Aerial panorama from residential local lower north shore suburb Crows Nest.

Data shows that prices have dropped below the peak value in April 2022 by approximately 7 per cent or by $53,400.

After prices rose well over 28 per cent, the Australian housing market welcomes this swift decline. However, the last monthly drop is the smallest since June, with CoreLogic’s Tim Lawless saying the Sydney and Melbourne markets are mostly to blame.

“Three months ago, Sydney housing values were falling at the monthly rate of -2.3 per cent…to a decline of -1.3 per cent in November. In July, Melbourne home values were down -1.5 per cent over the month, with the monthly decline almost halving last month to -0.8 per cent,” said Mr Lawless.

Other states across the nation are experiencing similar decelerates in decline as interest rates continue to rise.

“There is still the possibility that the pace of declines could reaccelerate, especially if the current rate hiking cycle persists longer than expected,” continued Mr Lawless. “Next year will be a particular test of serviceability and housing market stability, as the record-low fixed rate terms secured in 2021 start to expire.”

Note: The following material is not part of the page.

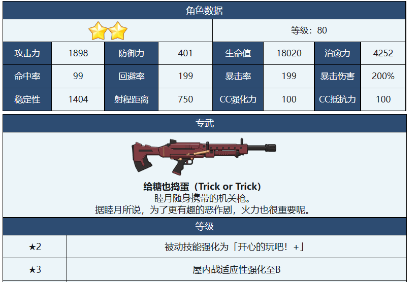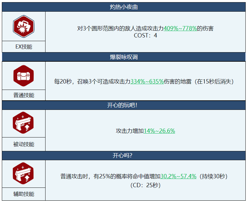 她的技能有以下几个特点:EX技名曰灼热的小夜曲。开启后可以对多个大跨径aoe内的敌人造成持续输出,如果这一些aoe区域有重合的区域的话,伤害还可以再次叠加。这个技能的释放范围非常不错,甚至能直接打到后排敌人,而且伤害倍率很高,也是睦月最强的技能。普通名叫爆裂的咏叹调。睦月每20秒可以设置三个地雷,每个地雷在15秒后消失。每个地雷都是单独计算伤害的,而且可以暴击。但是这个技能的缺点是地雷丢得比较靠前,不容易打到敌人,需要一些角色配合才能发挥效果。被动技:来尽情玩耍吧!和要去找点乐子吗?这两个被动技能都可以增加睦月的攻击力和命中值,提高她的输出能力。

Residential and commercial high rise apartment building in inner Melbourne suburb VIC Australia.

More prices under $1M

Although the swift declines have slowed, there are still plenty of positives, with many suburbs now demanding less than their once million dollar premium.

Mr Lawless said these million dollar exits are likely due to outer fringe suburbs that were showing median values marginally over the seven-figure threshold.

“A a small percentage drop in value has been enough to push values below $1 million.”

The more expensive suburbs are also experiences price drops; however, as Mr Lawless pointed out, these suburbs would require a much more significant price drop to warrant anything less than a million.

Out of the 836 exclusive million-dollar suburbs in Australia, 347 of these reside in Sydney and 117 in Melbourne.

Units on top

CoreLogic’s report found that every capital city apart from Hobart recorded a more resilient outcome for unit values opposed to houses, with units having fallen by approximately 0.6 per cent in comparison to a 1.2 per cent fall in houses.